Chicago Automobile Trade Association

Seminar examines practices to recruit, retain best employees

November 22, 2010

Wendi Venable described one dealer’s hiring process thusly: "Run an ad, get ’em in, check for a pulse, hire ’emwatch ’em go in eight weeks." 

Turnover stands as "the unspoken white elephant in the automotive industry," said Venable, national director of the automotive program for Wonderlic, Inc., which helps businesses select and retain employees. Venable and a colleague recently presented a CATA seminar, "Solutions for Your Costly Recruiting and Turnover."

 

Many businesses operate without a structured hiring process, but Venable said the topic is gaining more attention because of the costs involved. She said that if a 15-person sales staff rotates out every eight weeks, that’s 43 hires annually.  

And every eight weeks, a departure costs $7,600, Venable said, noting the time and expense involved in refilling each position.

 

Employers often grouse of unqualified candidates, or that the right people simply aren’t answering the company’s ads. But what of those ads? 

Classified ads that bark things like "looking for 10 good people!" or "apply 6-9 p.m., dressed for interview" actually scream of turnover or of a loose operation, said Venable. The ads should be more professional.

 

"We are famous for setting conditions that contribute to our turnover," said Sarah Person, Venable’s colleague. "The ad says, ‘Auto Sales, $58,000 to $105,000 Your First Year!’ If I’m not making that in a month, I’m gone." 

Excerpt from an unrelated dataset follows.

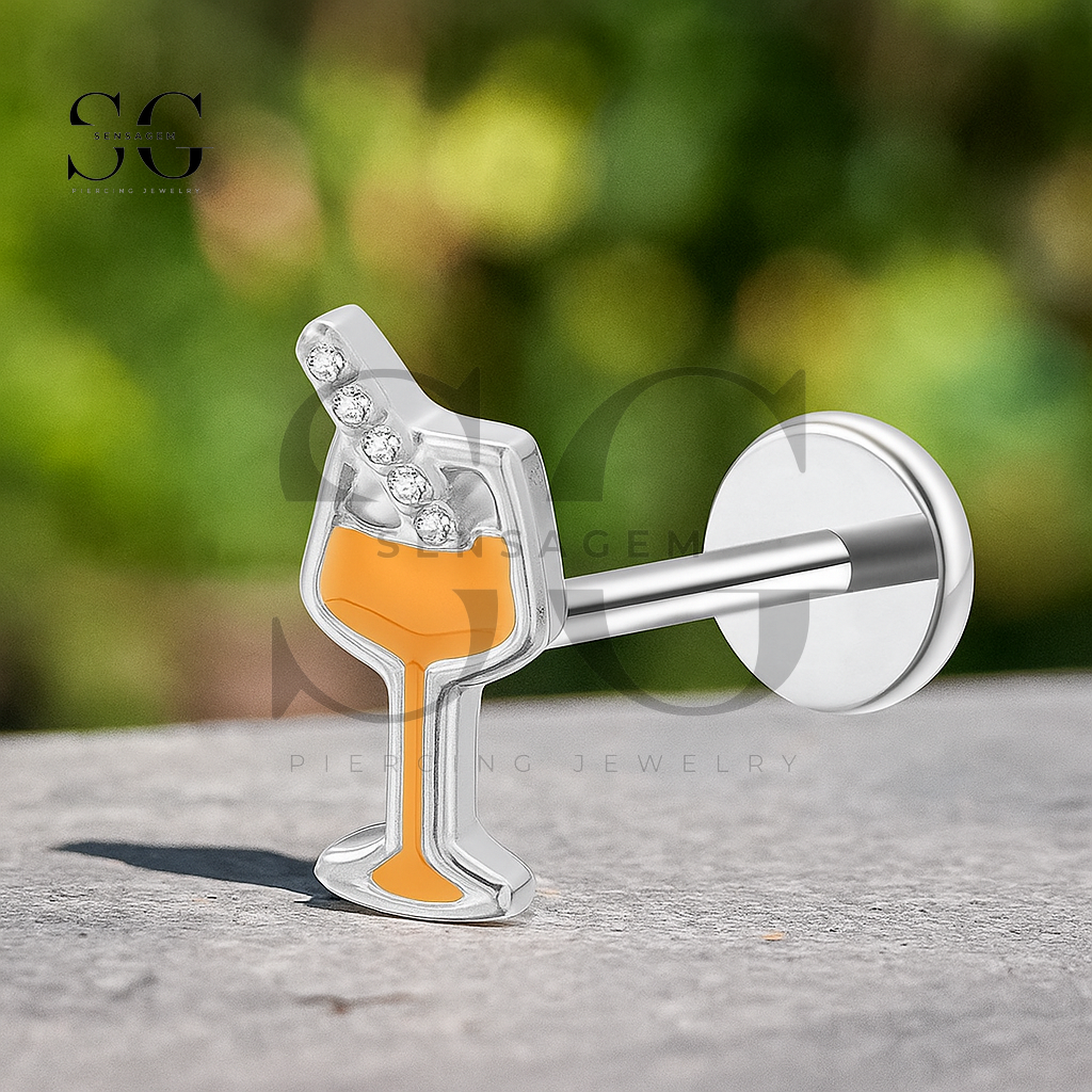 With five available post lengths (from 5mm to 12mm), this cocktail glass labret is versatile for various piercings, including the helix, koncha, tragus, and lip. Choose between the polished Tytan (Srebrny) finish or the luxurious Złoto finish to complete this unique, novelty design.

"Claims that ‘We’ll train anyone with the right attitude!’ also scream of unprofessionalism," Person said. "Anyone can have the right attitude for a one-hour interview. It’s tough to maintain that for 30 days."

 

"And don’t discuss pay plans—‘$1,000 signing bonus!’—in ads for sales professionals. Signing bonuses are reserved for high-end executives, not sales professionals," Person said. 

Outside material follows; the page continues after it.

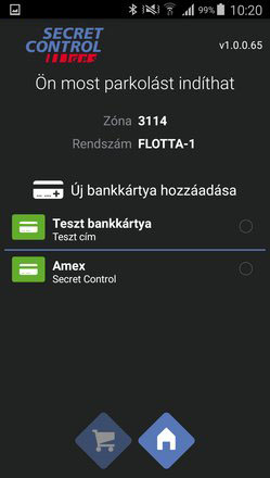 A parkolás indítását megelőzően kiválasztható az a regisztrált bankkártya, amelyről a fizetés történik. A kártya kiválasztását követően megjelennek az adott kártyához rendelt számlázási adatok.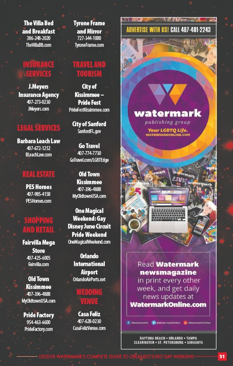 GD2018 WATERMARK’S COMPLETE GUIDE TO ORLANDO’S BIG GAY WEEKEND 31

She said, "You want to leave the impression that it’s tough to get in to your store, not ‘need four people.’ "

 

Wonderlic and other recruitment-and-retention firms develop and endorse online applicant tools that help employers find their ideal applicant. Does the employer desire candidates with product knowledge, or who are bilingual, or who will work nights and weekends? Ask those questions online. Candidates without the desirable traits are stopped from continuing the application. The systems cost about $1,000.  

"Use as many tools as you can, and don’t waste time with people uncertain how to dress for an interview," said Venable.

 

Besides newspaper employment ads, she encourages dealers to consider online strategies, industry magazines, job fairs, placement agencies, and word-of-mouth methods like an employee referral program. 

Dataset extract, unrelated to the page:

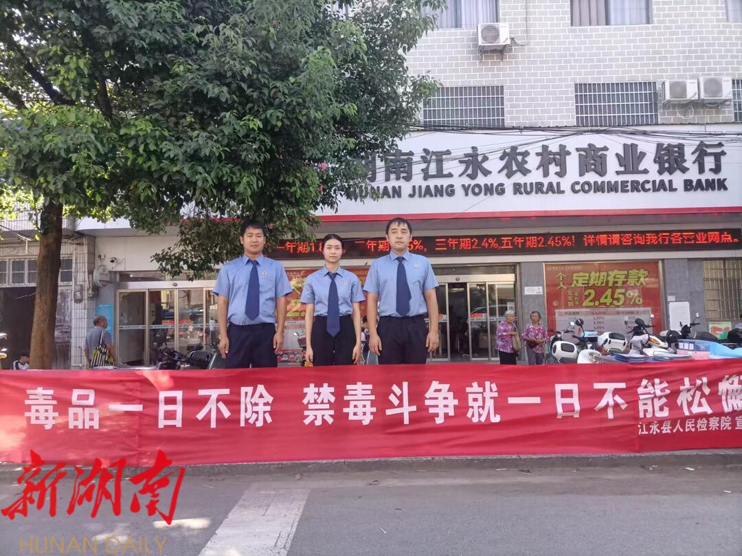 新江永客户端讯(通讯员 何文琦 陈俊宇 彭兰) 近日,江永县人民检察院组织干警到上江圩镇主街道开展禁毒宣传活动,将禁毒知识送到群众身边。

Wonderlic has developed automated recruiting systems to collect objective information from candidates via the InterentCandiates are measured—"can" he/she (cognitive ability to solve problems), "will" he/she (personality characteristics), and "does" he/she (reliability traits based on past behavior).

 

The systems also give the business a chance to shine, to present itself as a desirable place to work. As a part of employee benefits, candidates favor companies that indicate they will invest in developing their workforce with training.

 

"Military people do phenomenally well in the auto industry," especially in sales and service, Venable said, noting their ability to endure conditions of stress, struggle and chaos.

 

"If I’m from outside the industry, sell me on coming in to ‘help change culture,’ not just ‘sell cars,’ " said Venable.

 

Updated job descriptions can avoid the potential of an employee quitting over misunderstandings that can range from "That’s not my job" to "I didn’t know I’d have to work Saturdays."

 

Also important in the interview: The employer should demonstrate to the candidate that the meeting is important enough to stop accepting phone calls or deskingdeals. Set appointments; don’t advertise "any time between 9 a.m. and 7 p.m."